Meanwhile, in conventional process of synthesizing the cathode active material with the O2-type structure, it has been necessary to form the O2-type structure which is a metastable structure, at the same time of suppressing the formation of O3-type structure which is a stable structure. For this reason, heating temperature during ion exchanging has been set as lowest as possible. In specific, the O2-type structure is a metastable structure, and thus the direct synthesis thereof is difficult. Then, conventionally, in order to obtain the O2-type structure, a precursor containing sodium with a P2-type structure has been synthesized and the ion exchange of Na ions with Li ions has been conducted. On this occasion, the heating temperature during the ion exchange has been set as lowest as possible because the O3-type structure which is a stable structure is formed when the heating temperature is too high. In specific, the temperature is fixed at 280° C. in the aforementioned Patent Literatures 1 and 2. This temperature has been set as a temperature sufficient to dissolve a mixture of LiNO₃ and LiCl of which melting point is approximately 240° C., which is used for the ion exchange.

In contrast, the inventor of the present disclosure has studied about ion exchanging temperature in details based on the viewpoint of weakening the chemical bond inside the active material, and found out that there is a temperature region where a turbostratic structure is formed inside the O2-type structure, which is between a temperature region where the O2-type structure is formed and a temperature region where the O3-type structure is formed. In specific, the inventor has obtained the knowledge that the turbostratic structure is formed inside the O2-type structure in the temperature range of 350° C. or more and 600° C. or less. Since the turbostratic structure is a disorder of layering, it was presumed that the capacity properties would be degraded based on the conventional knowledge, but the inventor has found out that the improvement of the capacity properties was achieved on contrary. The reason therefor is presumably because the turbostratic structure moderately broke the O2-type structure.
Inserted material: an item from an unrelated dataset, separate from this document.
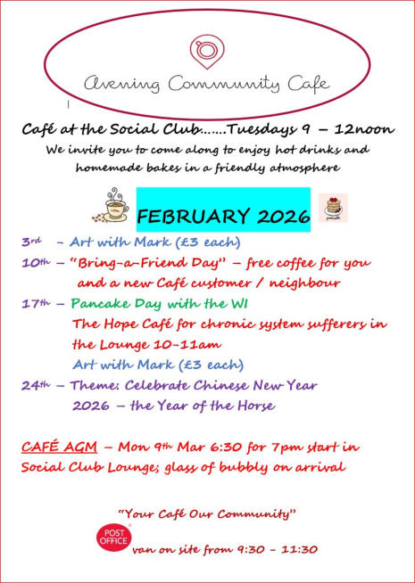 More Info: The Post Office van is parked in the front car park at the club from 9:30 am to 11:30 pm every Tuesday. All Post Office services are available in the van. There are two large rooms at the Club, as well as a kitchen and usual facilities. For café purposes, the skittle alley is used. There is also a lounge/quiet room which is used for special occasions, for example, story time for the very young and live music events. From 9 am till 12:00 noon every Tuesday, coffee, tea, cold drinks are sold, as well as sweet and savoury cakes and biscuits. Special dietary requests can be accommodated. Please ask about this. If you would like to get involved with helping at the café, we are happy to hear from volunteers who would like to join a team or to form their own team to help with serving and looking after customers. We also need cakes and biscuits, so would love to hear from bakers!
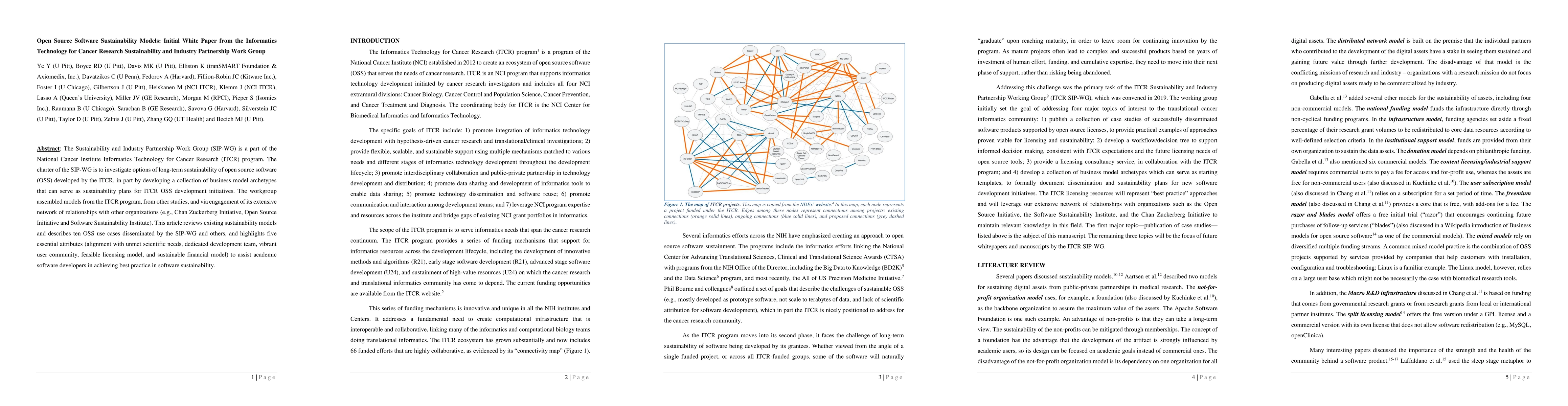 This white paper from the SIP-WG explores long-term sustainability strategies for open source software (OSS) developed by the ITCR program, presenting ten use cases and five essential attributes for successful OSS sustainability. The workgroup gathered insights from various organizations to develop business model archetypes for OSS initiatives.

The method for producing the cathode active material in the present disclosure will be hereinafter described in details.

1. Preparing Step

The preparing step in the present disclosure is a step of preparing a transition metal oxide containing Na and including a P2-type structure. The P2-type structure belongs to a space group P6₃/mmc, includes 2 kinds of oxide layers of which positions of oxides are different in a unit lattice, and has a crystal structure in which sodium ions occupy the prismatic site.

There are no particular limitations on the method for preparing the transition metal oxide and it can be produced by known methods. For example, it can be produced in following manners. First, a Mn source, a Ni source, and a Co source (one or two of the elements may be omitted if necessary) are mixed in a ratio so as to obtain a desired composition, and precipitated using a base. Then, a Na source is added to the precipitated powder in a ratio so as to obtain the desired composition and burned. On this occasion, an M source such as Al, Fe, Mg, Ca, Ti, Cr, Cu, Zn, Nb, and Mo may be mixed to obtain the desired composition. Also, preliminary burning may be conducted before burning. Thereby, a transition metal oxide that is a Na doped precursor can be obtained.

Here, examples of the Mn source, the Ni source, and the Co source may include a nitrate, a sulfate, hydroxide salt, and a carbonate including these metal elements. These may be a hydrate. Examples of the base used for precipitation may include a sodium carbonate and a sodium hydroxide. These may be used as an aqueous solution. Further, an ammonium aqueous solution may be added to adjust basicity. Examples of the Na source may include a sodium carbonate, a sodium oxide, a sodium nitrate, and a sodium hydroxide. The burning temperature is, for example, 700° C. or more and 1100° C. or less. If the burning temperature is too low, there is a possibility that sufficient doping of Na may not be conducted, and if the burning temperature is too high, there is a possibility that the O3-type structure may be formed instead of the P2-type structure. The burning temperature may be 800° C. or more and 1000° C. or less. Also, when the preliminary burning is conducted, the temperature for the preliminary burning is preferably lower than that of the main burning. The temperature for the preliminary burning is, for example, around 600° C.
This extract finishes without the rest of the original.